Why do you silly people call it "cheating"?

This is not some video game or a sport. This is business.

There is nothing mandating that you have to sit there, stare at your phone, and tap away like a brainless monkey. Not even in the TOS.


----------



## imfatandold (Sep 26, 2017)

Flexist said:


> Why do you silly people call it "cheating"?
> 
> This is not some video game or a sport. This is business.
> 
> There is nothing mandating that you have to sit there, stare at your phone, and tap away like a brainless monkey. Not even in the TOS.


thats cuz it is cheating. silly is when people like you think you have the education to interpret the ToS provided by amazon.


----------



## Flexist (Jul 29, 2017)

imfatandold said:


> thats cuz it is cheating. silly is when people like you think you have the education to interpret the ToS provided by amazon.


Keep hoping, buddy.
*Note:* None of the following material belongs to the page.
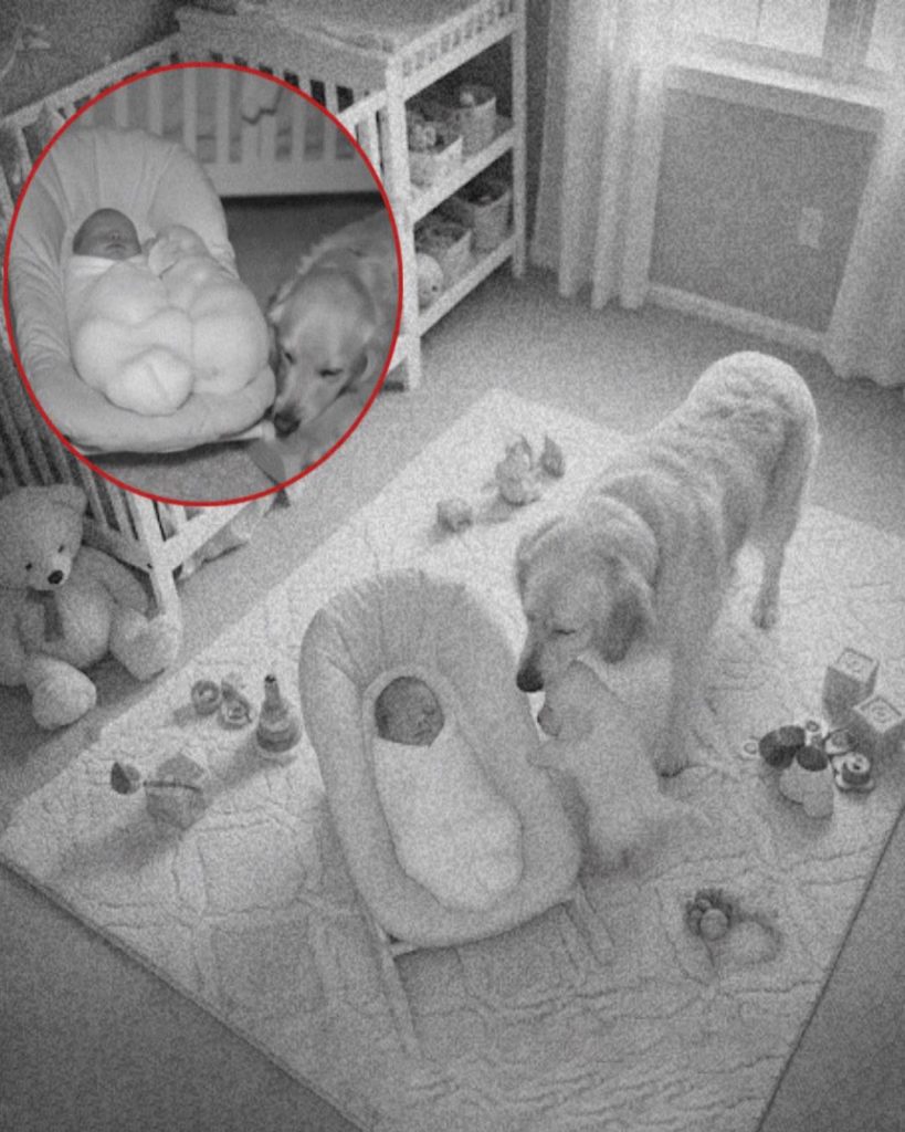 Toen hun dochtertje geboren werd, werd de vreugde van het stel  nog groter  door een verrassing: hun golden retriever beviel ook van een schattig nestje puppy’s. Twee moeders onder één dak, die elk met tederheid en waakzaamheid over hun kleintjes waakten. Om ieders rust en veiligheid te garanderen, hadden de jonge ouders een  zeer strikt systeem opgezet  : een aparte kamer voor de puppy’s,  een babyfoon en constant toezicht. Alles was onder controle. Of tenminste, dat dachten ze…
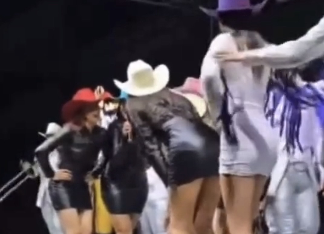 El espectáculo, que contaba con la participación de Los Rieleros del Norte y Su Majestad La Brisa, se desarrollaba con normalidad hasta que el grupo de ballet identificado como “Las Chicas Doradas” subió al escenario para acompañar la presentación musical.

Tap, tap, tap away now...


----------



## imfatandold (Sep 26, 2017)

Flexist said:


> Keep hoping, buddy. Tap, tap, tap away now...


bro you cant even understand what im typing let alone the ToS.

" everyone is back to using emulators and auto tappers at DLA5. including myself =) ill let you guys know if i get terminated"


----------



## Flex89 (Jun 12, 2016)

There was a guy who got terminated for frepping in the FC...or was he fapping...


----------



## Amsoil Uber Connect (Jan 14, 2015)

Funny how someone calling them selves "Flexist" has a problem with cheating.


----------



## Cynergie (Apr 10, 2017)

Why OP? you plan on doing it?

Edit nvm


----------



## Flexist (Jul 29, 2017)

imfatandold said:


> bro you cant even understand what im typing let alone the ToS.
> 
> " everyone is back to using emulators and auto tappers at DLA5. including myself =) ill let you guys know if i get terminated"


Bro, you would not be calling it "cheating" if you were actually doing it.

You are one of the people too dumb to set up a script, too dumb to focus for long enough to read a few paragraphs, just secretly hoping that the others get deactivated.


----------



## Cody6666 (Apr 18, 2017)

I have been fine without using a script so far but once they did the combining of logistics and prime now in my area I can't get any shifts. I coulkd easily get a shift a day before that but now every shift disappears in less then a second. I didn't want to use a script but now it is either that or quit.


----------



## imfatandold (Sep 26, 2017)

Flexist said:


> Bro, you would not be calling it "cheating" if you were actually doing it.
> 
> You are one of the people too dumb to set up a script, too dumb to focus for long enough to read a few paragraphs, just secretly hoping that the others get deactivated.


lol i just told you i was i am admitting to cheating... it is what it is i dont mind calling it cheating


----------